Fluorescence is a powerful analytical tool that combines the magnifying properties of light microscopy with the visualisation of fluorescence to monitor live real-time protein interactions, at steady state or after cellular ligand challenge. Currently, we have two state of the art laser point scanning confocal instruments (invert configuration) which support different areas of fluorescence microscopy.

Zeiss 880 LSCM

The system is equipped with a high-resolution galvo scanner and 3 channel QUASOR detector unit which is wavelenghth tuneable for custom spectral collection of emission light. The QUASOR consists of two side spectral green and red PMTs and a central GaAsP detector. A transmitted light PMT is available for bright field imaging. Images can be recorded up to a maximum 16 bit depth dynamic range. The red sensitive side PMT and GaAsP detector can also record fluorescence as a read out of photons which is more advantageous than analog integration read out because much higher signal-to noise-ratios can be obtained as a no secondary analog circuitry exists in the detector readout path. This system does not have an Airy Scan II 32 channel spatial detector fitted so has no super-resolution capability.

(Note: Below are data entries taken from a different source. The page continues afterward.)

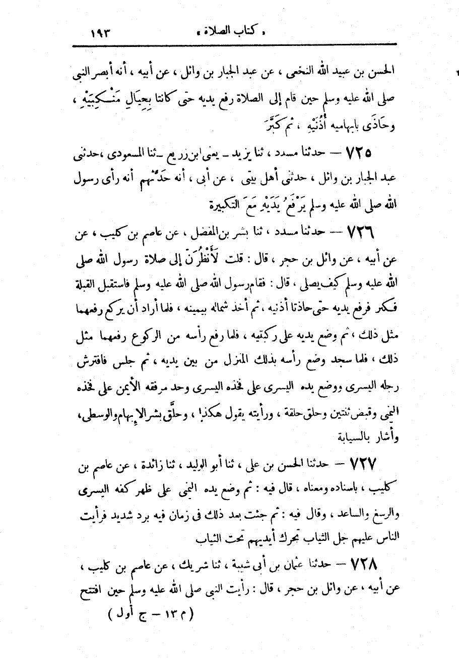 728 - حَدَّثَنَا عُثْمَانُ بْنُ أَبِي شَيْبَةَ، حَدَّثَنَا شَرِيكٌ، عَنْ عَاصِمِ بْنِ كُلَيْبٍ، عَنْ أَبِيهِ، عَنْ وَائِلِ بْنِ حُجْرٍ، قَالَ: رَأَيْتُ النَّبِيَّ صَلَّى اللهُ عَلَيْهِ وَسَلَّمَ «§حِينَ افْتَتَحَ -[194]- الصَّلَاةَ رَفَعَ يَدَيْهِ حِيَالَ أُذُنَيْهِ»، قَالَ: ثُمَّ أَتَيْتُهُمْ فَرَأَيْتُهُمْ يَرْفَعُونَ أَيْدِيَهُمْ إِلَى صُدُورِهِمْ فِي افْتِتَاحِ الصَّلَاةِ وَعَلَيْهِمْ بَرَانِسُ وَأَكْسِيَةٌ
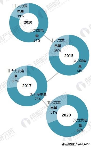 圖表2:2010-2020年中國火電與非火電發(fā)電量占比(單位:%)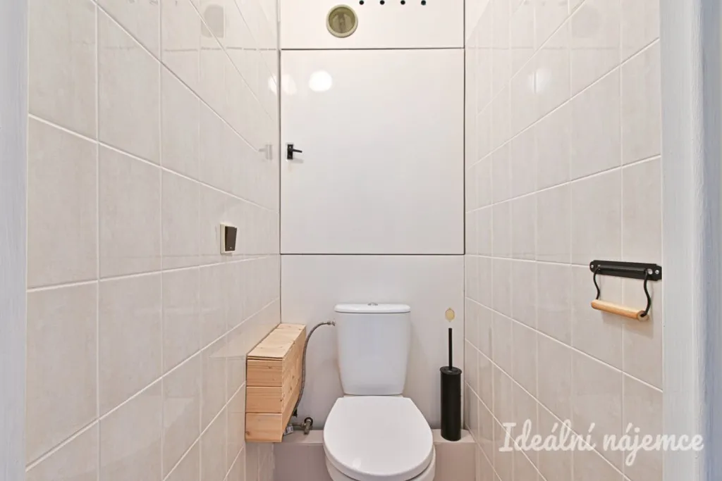 Dispozice bytu je velmi praktická. V zádveří se nachází šatní skříň s věšákem. Koupelna je vybavena vanou a úložnou skříňkou, toaleta je umístěna samostatně.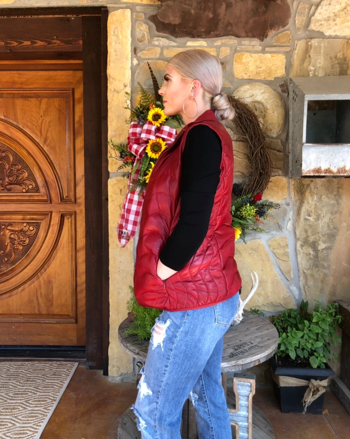 Oh my this red, lamb skin, down filled vest is everything. Zips up the front and has an inside pocket. It has a stand up collar with 2 side entry pockets.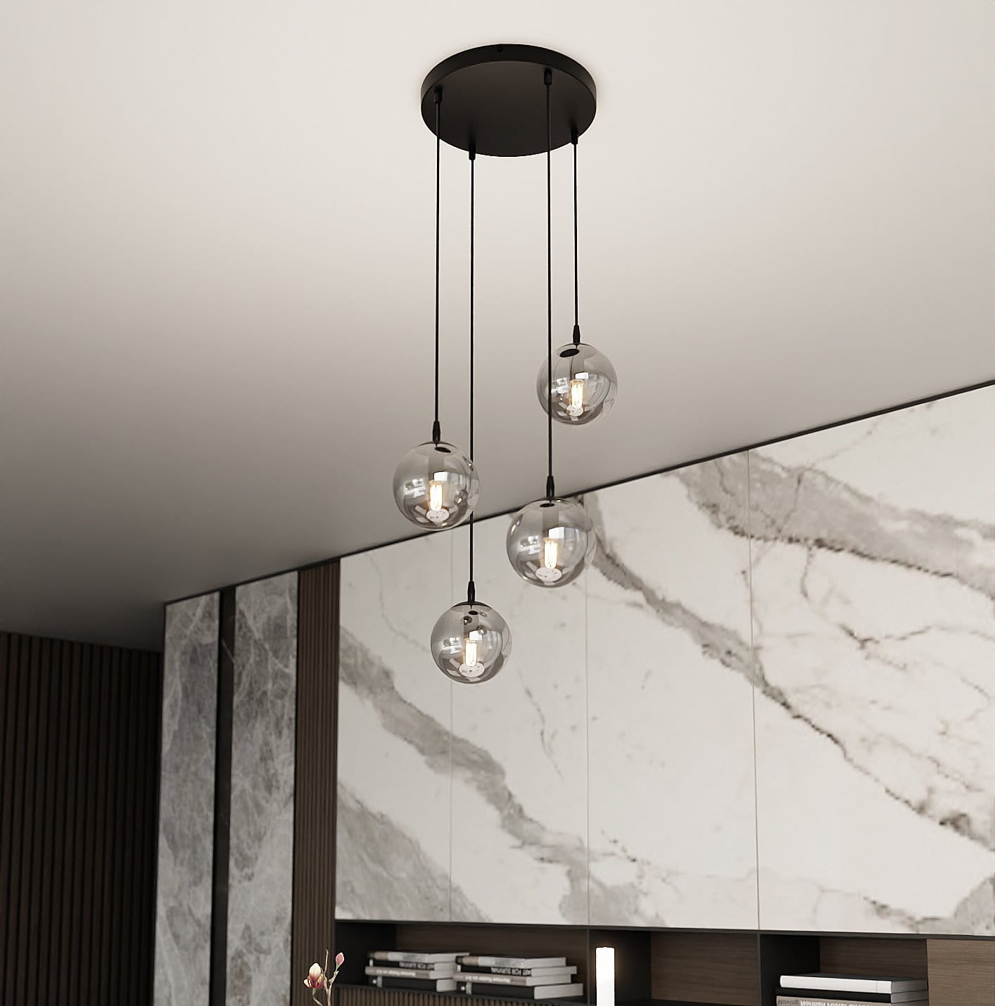Lampa wisząca OPALINA 4 to wyjątkowe połączenie nowoczesnego designu i subtelnej elegancji. Cztery kuliste, szklane klosze w dymionym wykończeniu pięknie rozpraszają światło, tworząc przytulną i nastrojową atmosferę w każdym wnętrzu. Asymetryczne zawieszenie punktów świetlnych dodaje lekkości i dynamiki, a czarna, minimalistyczna konstrukcja doskonale wpisuje się w stylistykę loftową oraz nowoczesną.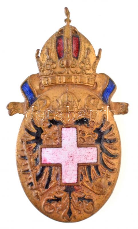 Description: Ausztria ~1900. Aranyozott és részben zománcozott jelvény osztrák császári koronával és kétfejű sassal (17x29mm) T:2 /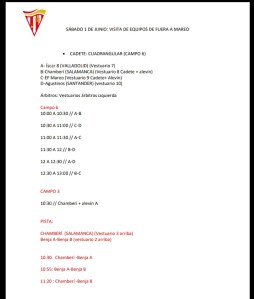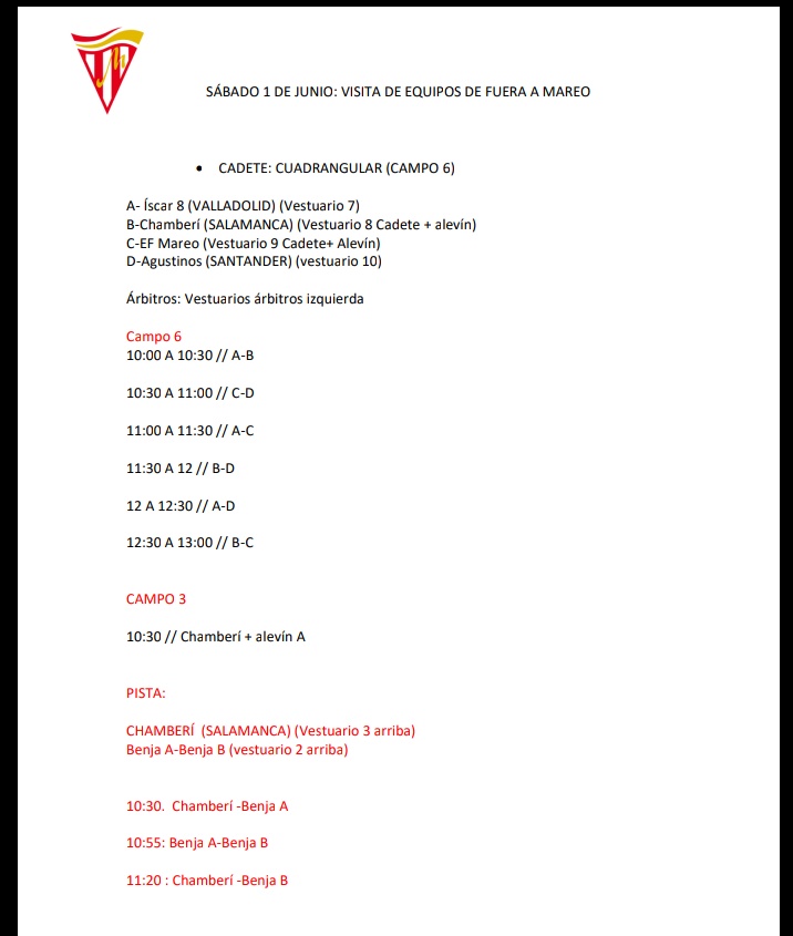 El Cadete disputará un «mini» torneo en las instalaciones de Mareo en Gijón donde se enfrentará al Chamberí de Salamanca a la Escuela de Fútbol de Mareo y al Agustinos de Santander en formato de cuadrandular, todos contra todos en partidillos de 30 minutos.
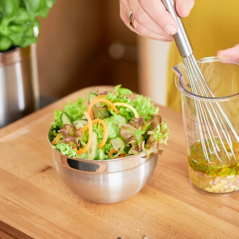 RÖSLE bolle er laget av 18/10 rustfritt stål av høyeste kvalitet, noe som gjør den ideell for både tilberedning og oppbevaring av en rekke matvarer. Denne allsidige bollen er også perfekt for servering direkte på spisebordet, takket være dens elegante design. Den praktiske hellekanten gjør det enkelt å helle uten søl. Bollen tåler oppvaskmaskin for enkel rengjøring, men bør ikke brukes i ovn.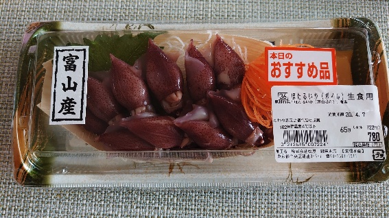 鮮魚売り場では、旬の富山産ホタルイカは大きくぷりぷりでした。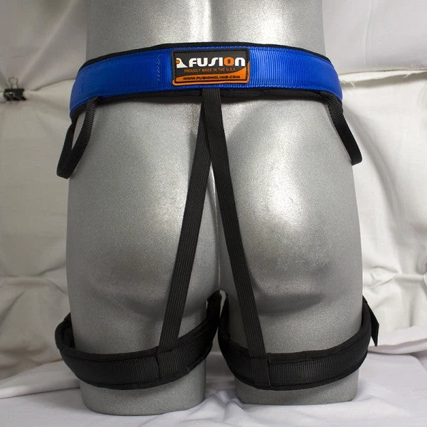 Chronus climbing harness with lightly padded waist and legs for comfort and support. Sturdy double back buckles & includes gear loops, one on each side.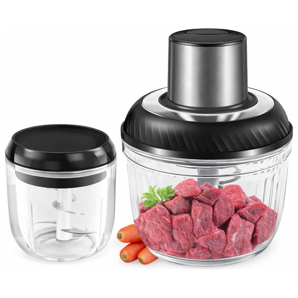 Silver Crest Electric Meat Grinder with dual bowls for versatile grinding. The main bowl (3.5 L) and a supplementary bowl (1 L) let you process meat and vegetables quickly and efficiently. Features sharp stainless steel blades, a powerful 1500 W motor, and removable parts for easy cleaning.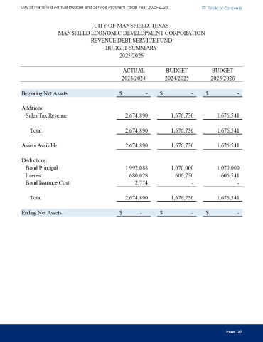 City of Mansfield Annual Budget and Service Program Fiscal Year 2025-2026 Table of Contents Page 127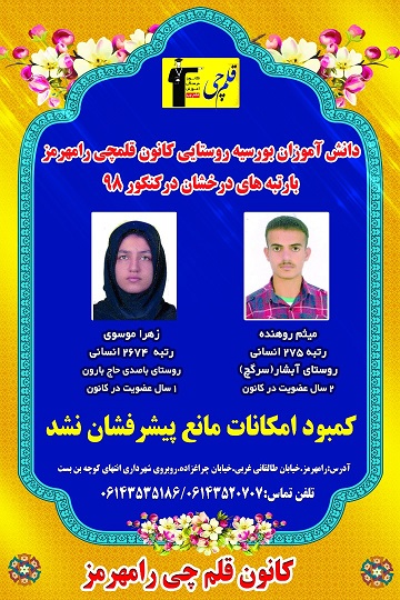 درخشش دانش آموزان روستایی رامهرمز در کنکور 98 را مشاهده کنید .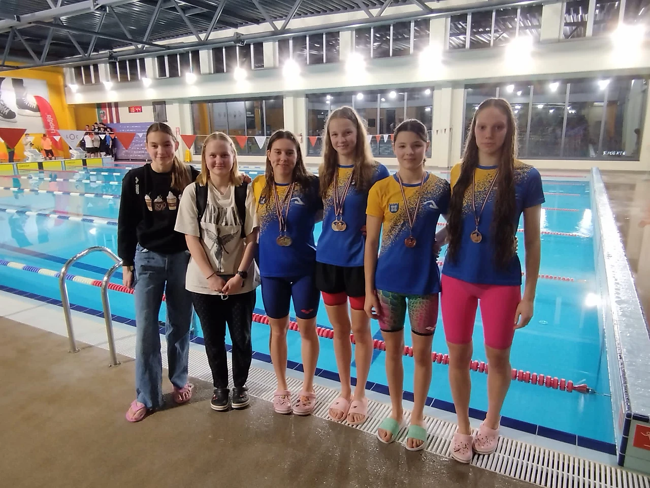 Sacensību noslēgumā meitenes piedalījās 4x100m kompleksa stafetē. Muguru peldēja Beate Jansone(šis peldēšanas veids nav viņas primārais un šoreiz šāds lēmums bija par labu komandas interesēm), brasu - Enija Djurendaka (Dobeles 1. vidusskola), delfīnu – Beāte Bula, kraulu – Karolīna Bulko. 9. komandu konkurencē meitenes ar rezultātu - 4:52.92 izcīnīja 4. vietu.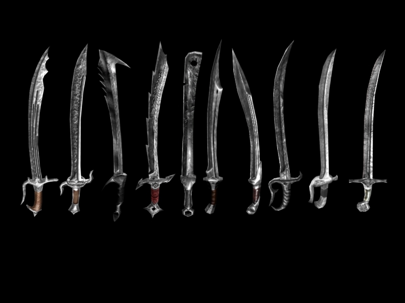 These are wonderfully realistic models. I especially like the falchion models, though it would be great if you could provide scaled up versions to be used to replace the in-game models for the two-handed falchion. I think we can all agree that the in-game models for falchions are quite bad. If anyone knows how to use one of these models, scaled up to the appropriate size, to replace current falchion models, that would be great.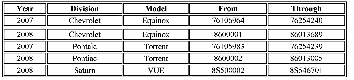 Involved are certain 2007-2008 Chevrolet Equinox and Pontiac Torrent vehicles equipped with a 3.4L engine (RPO LNJ); and 2008 Saturn VUE vehicles equipped with a 2.4L engine (RPO LE5) and built within the VIN breakpoints shown.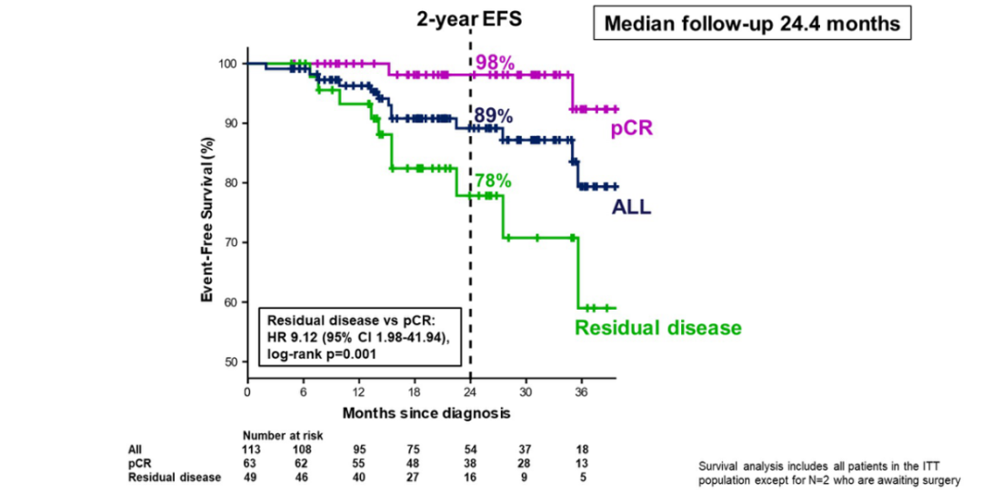 中位随访21个月,所有患者2年EFS为88%;其中pCR组为98%,非pCR组为82%。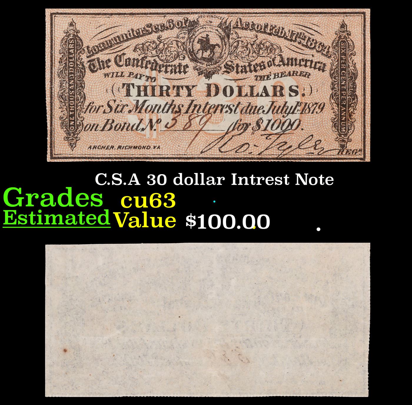 C.S.A 30 dollar Intrest Note Grades Select CU.

The confocal has two tuneable spectral Hybrid detectors and a spectral tuneable PMT detector. The HyDs can be operated in photon counting or conventional analog mode to record images up to 16 bit depth format. A dedicated transmitted light PMT is also available for acquiring images in bright field format. Pulsed lasers (440 & 470 nm, pulse frequency range 0.3125 to 40 MHz) can be used to perform fluorescence life time imaging including FRET measurement. This system does not have any super-resolution capability.


These instruments provide cutting edge fluorescence microscopy technology to support our novel fluorescence work developed within the School of Molecular Biosciences, (e.g. Spatial Intensity Distribution and Fluorescence Intensity Fluctuation Spectrometry protein homo-oligomerisation analysis, intensity based Fluorescence Resonance Energy Transfer (FRET) imaging, Fluorescence Lifetime FRET imaging, Fluo-8 calcium imaging and FRAP measurement to quantify the diffusion rate and mobile state of fluorescently tagged proteins.